WHAT TO DO :: One part of the entries below is wanted: the lines from the one containing "RARE 30+ Vtg" through the one containing "är två ska du". Write those out exactly and nothing else.

RECORDS TO PROCESS ::
════════
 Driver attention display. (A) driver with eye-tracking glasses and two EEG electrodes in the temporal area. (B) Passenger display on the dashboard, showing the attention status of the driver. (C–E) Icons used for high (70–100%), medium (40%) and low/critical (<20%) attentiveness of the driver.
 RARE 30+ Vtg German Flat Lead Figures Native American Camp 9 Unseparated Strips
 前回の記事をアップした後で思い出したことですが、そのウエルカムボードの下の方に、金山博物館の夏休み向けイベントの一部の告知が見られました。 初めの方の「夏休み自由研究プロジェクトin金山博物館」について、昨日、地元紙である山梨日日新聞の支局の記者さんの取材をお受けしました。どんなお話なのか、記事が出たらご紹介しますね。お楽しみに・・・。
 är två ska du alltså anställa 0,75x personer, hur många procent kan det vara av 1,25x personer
════════
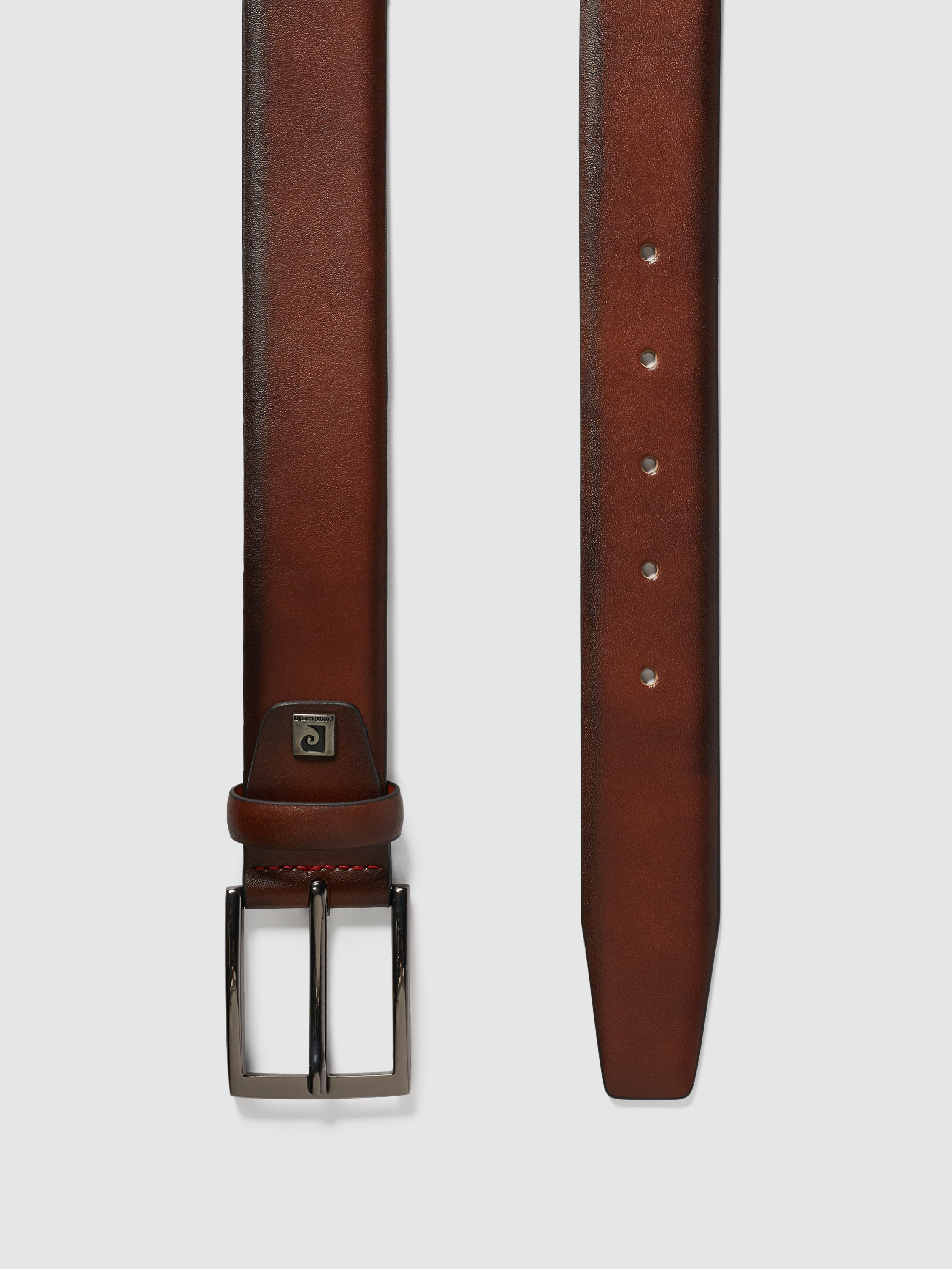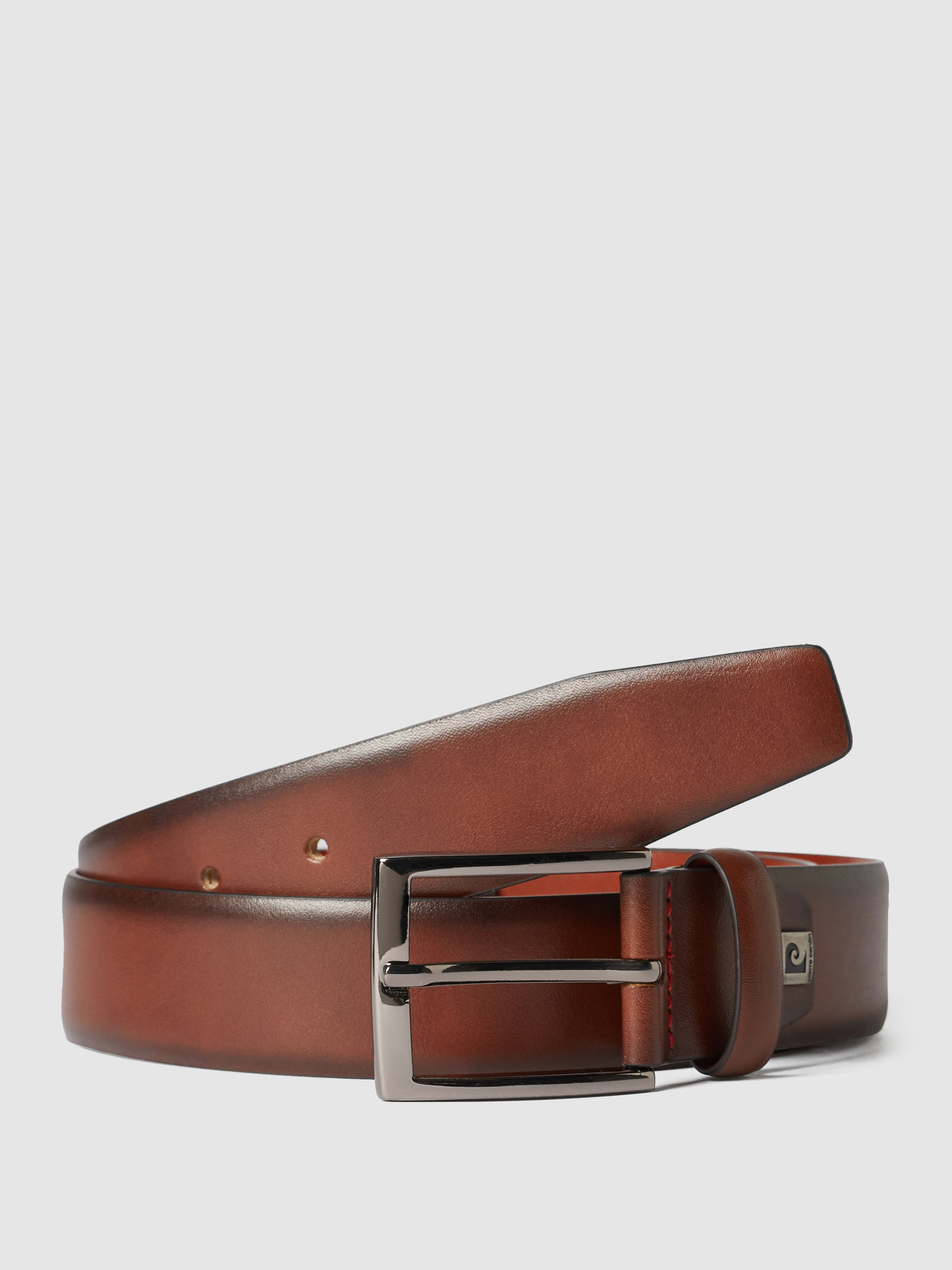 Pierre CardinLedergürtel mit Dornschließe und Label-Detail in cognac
════════
RESPONSE TO THIS EXERCISE ::
 RARE 30+ Vtg German Flat Lead Figures Native American Camp 9 Unseparated Strips
 前回の記事をアップした後で思い出したことですが、そのウエルカムボードの下の方に、金山博物館の夏休み向けイベントの一部の告知が見られました。 初めの方の「夏休み自由研究プロジェクトin金山博物館」について、昨日、地元紙である山梨日日新聞の支局の記者さんの取材をお受けしました。どんなお話なのか、記事が出たらご紹介しますね。お楽しみに・・・。
 är två ska du alltså anställa 0,75x personer, hur många procent kan det vara av 1,25x personer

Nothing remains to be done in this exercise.